Rendy bangun dari duduk nya,


"tunggu bu, Rendy pulang"


tanpa basa basi, Rendy meninggalkan pekerjaan nya,


ia hampir tidak sadar, membawa mobil dengan kecepatan tidak normal, ia khawatir tentang adik nya,


Rendy menepi,menyempatkan menelpon herry, ia ingin ada penjagaan di RS nanti untuk nisa,


akhirnya, Rendy datang, sudah ada darah di kaki nisa, yuni pun pulang, ia ikut membantu membawa nisa ke mobil,


"yuni, bawa tas bayi di kamar nisa cepat"


"i iya Buu


" ayoo yunnn, (rendy mengetuk ngetuk stir mobil, ia tambah grogi, ibu menangis tak henti)


yuni datang, semua siap, Rendy langsung membawa nisa ke RS,


perjalanan butuh waktu 20 menit, Rendy melihat satu mobil mengawal nya, memecah jalanan dengan suara klakson yang tidak henti di bunyikan, tak peduli caci maki pengendara lain, ini darurat


mereka tau nyonya nya dalam keadaan bahaya, semua panik, di saat seperti ini, tuan nya tidak ada di sini memerintah, semua di bawah perintah Rendy dan herry.


dua motor polisi mengikuti hendak menghadang mereka yang merusuhkan jalan


"bang hati hati bawa mobil nya" (pinta sangat ibu pada Rendy)


"ibu tenang saja, di depan anak buah Adnan"


ibu mengangguk, terserah lah yang penting nisa selamat,.


***


"tuan, nona seperti nya mau melahirkan, ia di bawa ke RS xxx... ( adi melapor pada yoga, yoga langsung panik, ia berada di rumah nya)


" jalankan rencana, jangan ada yang boleh masuk"


"siap tuan"


sampai di RS, nisa langsung di bawa ke UGD, ibu menemani nya terus,


dokter memutuskan untuk melakukan oprasi Cesar segera, keselamatan Bayi nya terancam ia keracunan air ketuban...


"lakukan yang terbaik dok" (pinta Rendy)


dokter meminta beberapa perawat menyiapkan ruang oprasi darurat,


Rendy menunggu di luar,


"apa belum ada kabar dari Adnan? nisa akan melahirkan" ( Rendy memanas matanya, nasib adik nya sungguh berat) "


"kami kehilangan jejak tuan, yoga sangat apik" (jawab herry)


"kamu tau tama? “


" iya tuan dia ayah nya yoga dan kakak nya tuan Adnan"


"kamu tidak bertanya pada nya? apa tidak ada informasi apa pun tentang Adnan? “ (Rendy menaikan nada suara nya, yuni sedikit takut, tidak


biasa melihat rendy begitu)


" kami akan bekerja keras tuan "


namun sesuatu terjadi,


beberapa orang menodongkan pistol, pada herry dan Rendy. Rendy bingung ia memeluk ibu, ibu ketakutan


"mohon maaf, tidak ada yang boleh masuk menemani nona nisa, tuan kami akan datang"

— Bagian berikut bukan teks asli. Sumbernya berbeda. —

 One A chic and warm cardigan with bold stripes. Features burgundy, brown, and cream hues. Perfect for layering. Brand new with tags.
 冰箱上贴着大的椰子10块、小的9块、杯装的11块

"bang, ada aapa ini?? ( tanya ibu, ia erat memeluk anak nya),


" turunkan senjata mu, aku tidak takut (Rendy menantang memasang badan)

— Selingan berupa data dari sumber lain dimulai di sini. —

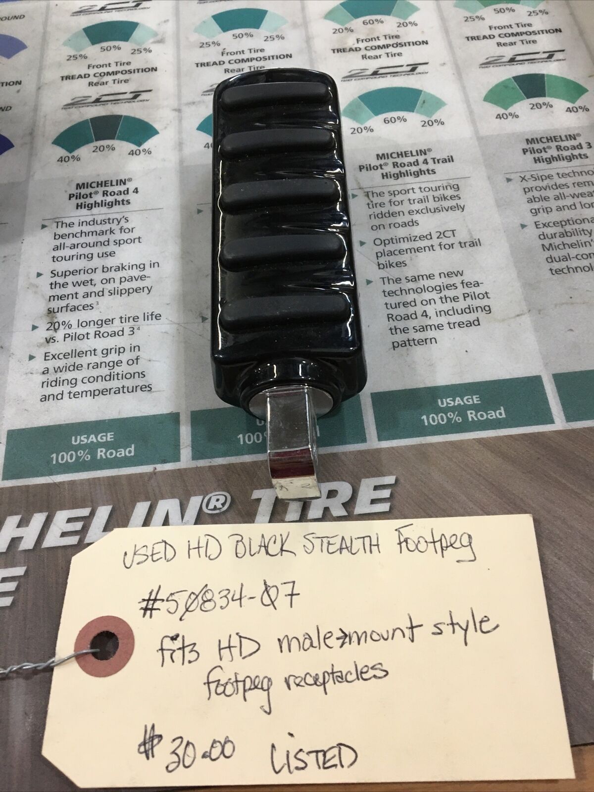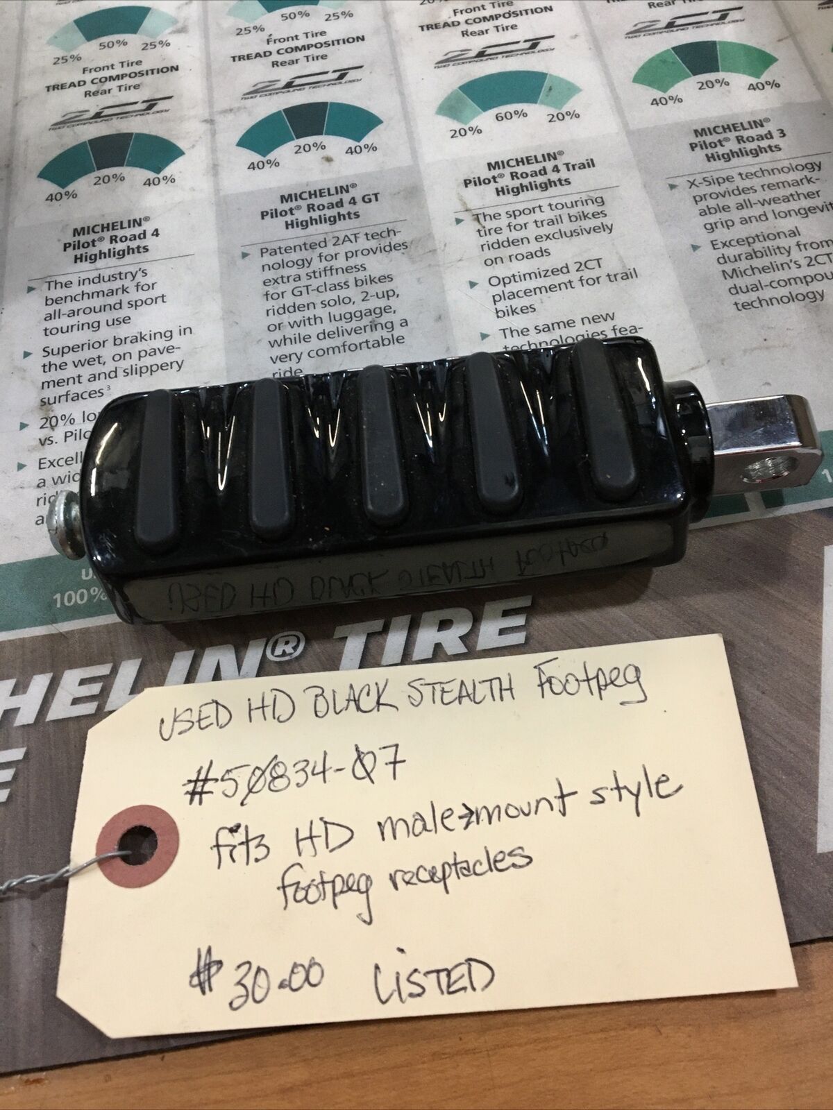 Harley Davidson oem Black Stealth Footpeg #50834-07. Condition is used. Fits HD male-mount Footpeg receptacles buyer is responsible for fitment and applications

sungguh tidak sopan pada orang tua" ( mata Rendy penuh amarah, mereka tidak goyah sedikit pun menerima kata kata dari Rendy, mereka hanya mendengar perkataan dari tuan nya YOGA)

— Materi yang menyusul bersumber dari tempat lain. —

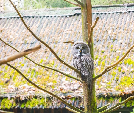 Front view from the great gray owl or great gray owl. A very large owl, Strix nebulosa

yoga datang dengan tergesa-gesa, ia menatap Rendy dan ibu,


"turunkan senjata mu, kamu tau dia mertua ku " (kata yoga)


pengawal itu menurunkan senjata namun tetap waspada,


"cih, siapa yang sudi menerima mu jadi menantu, dasar psikopat" ( ucap Rendy)


"siapa dia bang?? ( ibu berbisik)


" itu dia si berengsek yoga"


yoga hanya tersenyum., menganggukkan kepala nya pada ibu sopan, lalu ia masuk ke ruang oprasi,


yoga di pasangkan baju steril oleh perawat,


ia mendekat pada wanita nya, calon ibu dari anak nya,


wajah nisa begitu pucat, oksigen terpasang di hidung nya, nafas nya teratur...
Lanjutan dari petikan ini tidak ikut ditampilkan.